The HWFA does not prohibit an employer from adopting and enforcing a policy prohibiting the improper use of ESSL, including prohibiting a pattern of abuse of ESSL.
Relationship to Other Laws
This law may not be construed to preempt any federal law or regulation governing employees subject to such law or regulation. It also does not “preempt, limit, or otherwise affect” any other law that provides for sick and safe leave benefits that are more generous than are required under this law, and any workers compensation benefits.
Am employer may not take an adverse action or discriminate against an employee because the employee exercises in good faith the rights under this law; interfere with, restrain, or deny the exercise by an employee of any right under this law; or apply an absence control policy that includes ESSL as an absence that may lead to or result in an adverse action being taken against an employee. “Adverse action” includes discharge, demotion, threat of discharge or demotion, and any other retaliatory action that results in a change to the terms or conditions of employment that would dissuade a reasonable employee from exercising a right under this law.
In addition to an employer, a “person” may not interfere with the exercise of or the attempt to exercise any right under this law.
The protections of the law apply to any person who mistakenly, but it in good faith, alleges a violation of the law.
Employers must maintain records of accrual and use of earned sick time for at least three years. If an employer fails to keep accurate records or refuses to allow the Commissioner to inspect such records, there shall be a rebuttable presumption that the employer violated this law.
An employee may file a written complaint with the Commissioner. If the Commissioner determines that an employer violated the law, the Commissioner shall issue an order directing the payment of “make whole relief” and an additional amount of up to three times the value of the employee’s hourly wage for each violation, and may assess a civil penalty of up to $1,000 per employee for whom the employer is not in compliance. If an employer does not comply with the Commissioner’s order, the Attorney General, the Commissioner or the employee may bring an action to enforce the order. If an employee brings the action, the court may award three times the value of the employee’s unpaid ESSL, punitive damages, reasonable attorneys’ fees, and other costs.
To the extent practicable, the Commissioner shall keep confidential the identity of an employee who has filed a written complaint unless the employee waives confidentiality.
Step 4: Unique Provisions
An employer may require verification that ESSL leave was used appropriately if the leave was used for more than two consecutive shifts. PSL laws typically require an absence of at least three consecutive days before an employer can require documentation.

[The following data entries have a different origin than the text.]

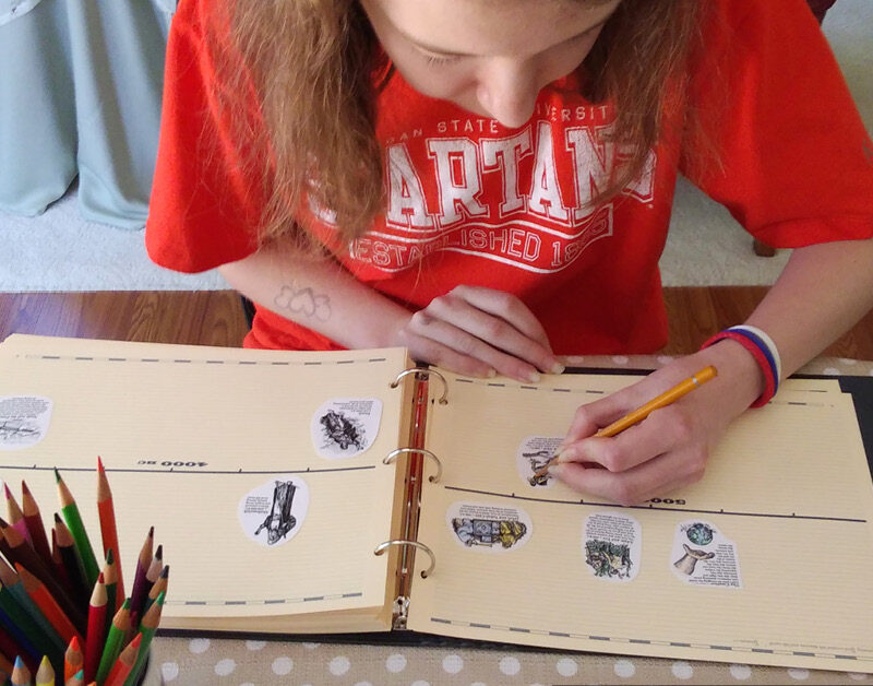 I made the decision that I would locate and cut out the timeline figures. We find the placement suggestion in the guide together. Caroline glues them in, reads them aloud for us, and colors them.
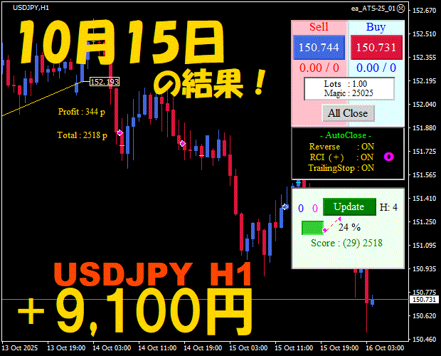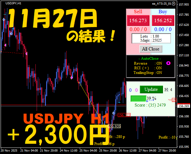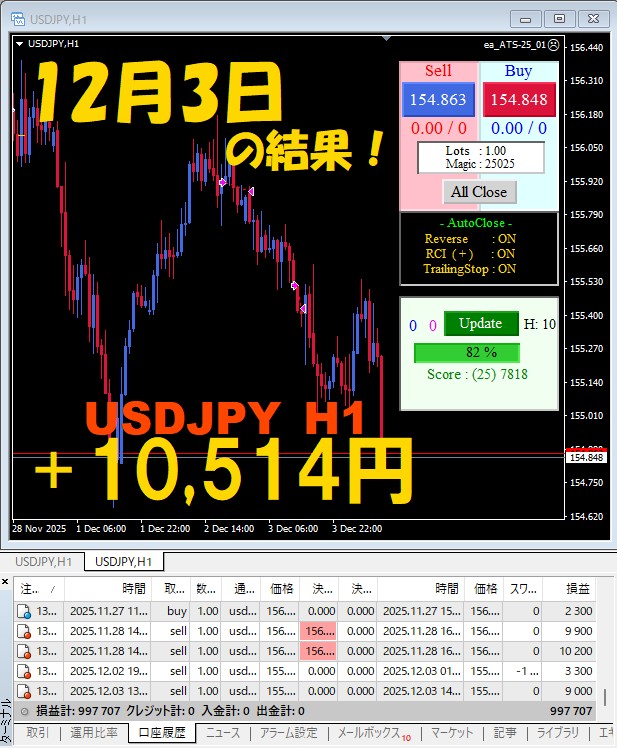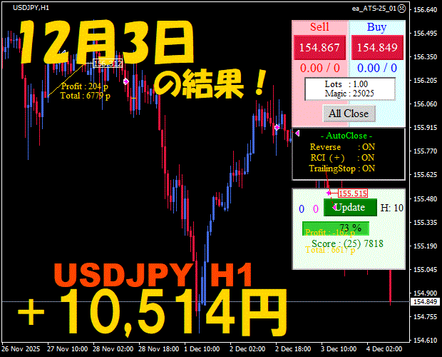 【前日の結果】USDJPY H1 / M5 『ATS-25』12月3日
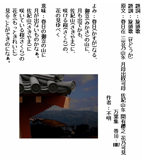 巻10-1887: 春日なる御笠の山に月も出でぬかも佐紀山に咲ける桜の花の見ゆべく

A qualified preemption provision. Local jurisdictions may not enact a law regulating sick and safe leave, but the Montgomery County’s Earned Sick and Safe Leave Law is grandfathered in.

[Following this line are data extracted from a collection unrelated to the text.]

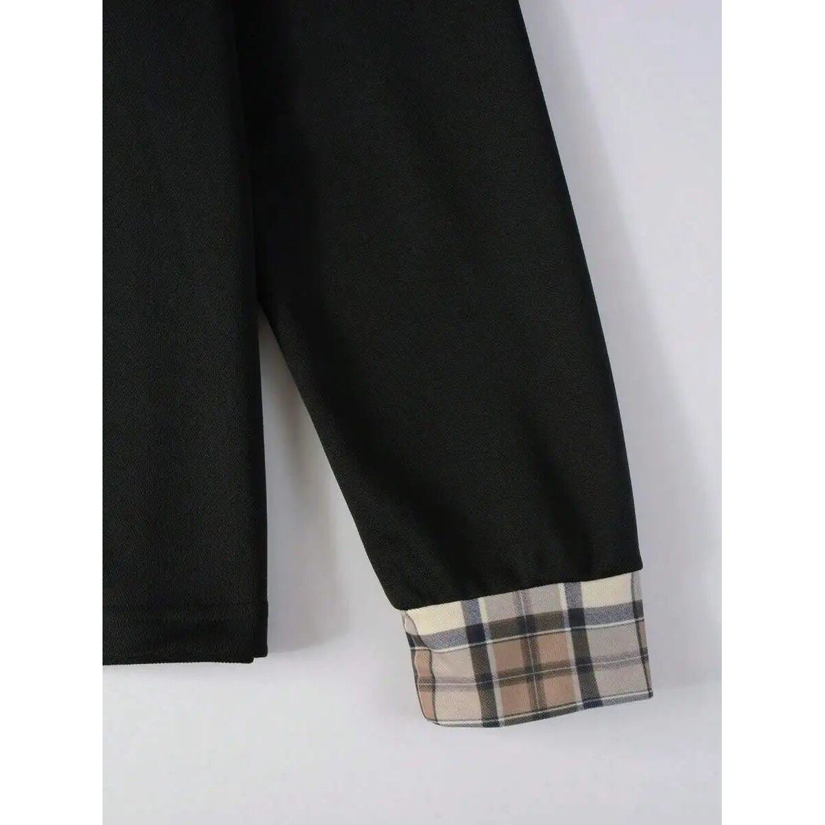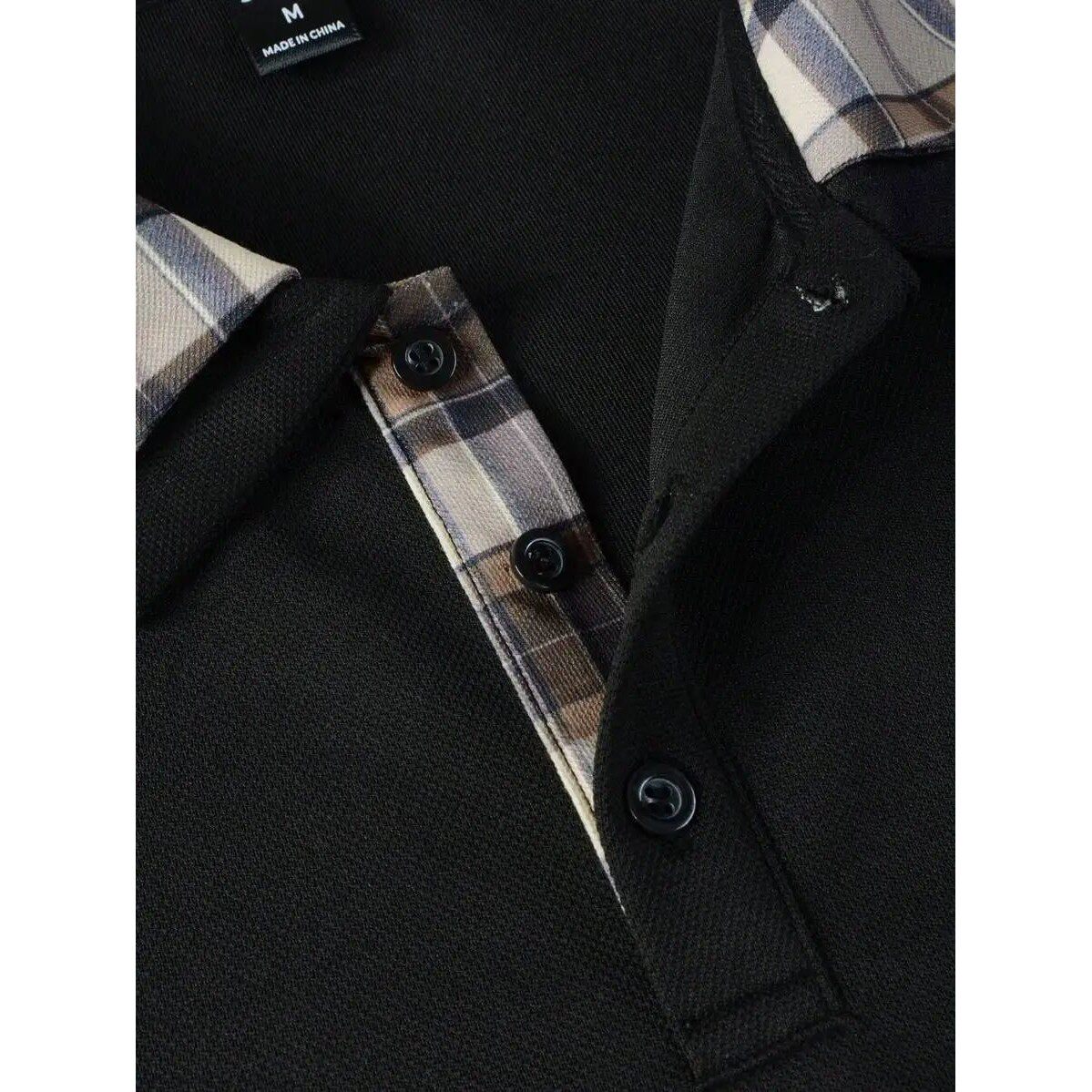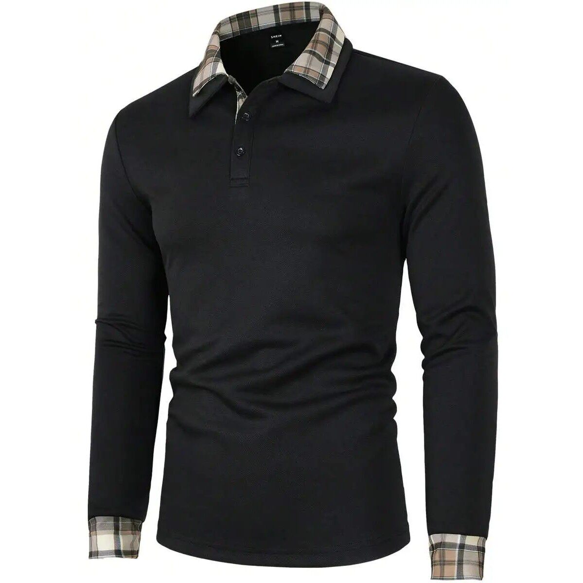 Collar Cuf Long Shirt with Polo Black Sleeve and Men Plaid
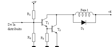 Īn fig 3.18 este reprezentat un astfel de comutator Darlington cuplat pe una din īnfasurarile unui motor pas cu pas. Daca semnalul furnizat de distribuitor este la nivel logic O, tranzistorul T1 se blocheaza determinānd blocarea tranzistorului T2 si anulānd deci curentul īn faza motorului. Pentru o valoare logica 1, tranzistorul T1 intra īn saturatie determinānd conductia lui T2 si, deci, un curent corespunzator prin īnfasurarea motorului.
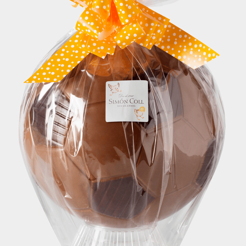 Figura hueca de chocolate con leche para decorar la mona de Pascua.
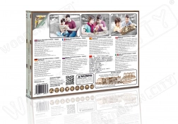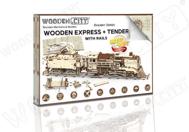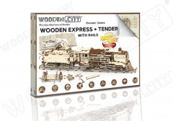 Bauen Sie einen realistischen hölzernen Express mit Tender und Gleisen und reisen Sie zurück in die goldene Ära der Dampfmaschinen. Das Modell ist mit einem spezialen Startschlüssel, öffnenden Feuerraumtüren, Treib- bzw. Antriebsrädern und einer Kupplung zwischen Lokomotive und Tender ausgestattet. Nach dem Zusammenbau fährt die Lokomotive vorwärts, rückwärts und im Kreis – so genießen Sie nicht nur den Bau, sondern auch die Fahrt.

An employee who acts in bad faith when filing a complaint with the Commissioner about a purported HWFA violation, testifying in an HWFA action, or bringing an action in court is guilty of a misdemeanor and subject to a fine of $1,000.
The definition of “employer” is a bit odd. Nearly all other PSL laws define employer broadly to specifically encompass every type of organization that employs employees. The definition in the HWFA does not do that (see above).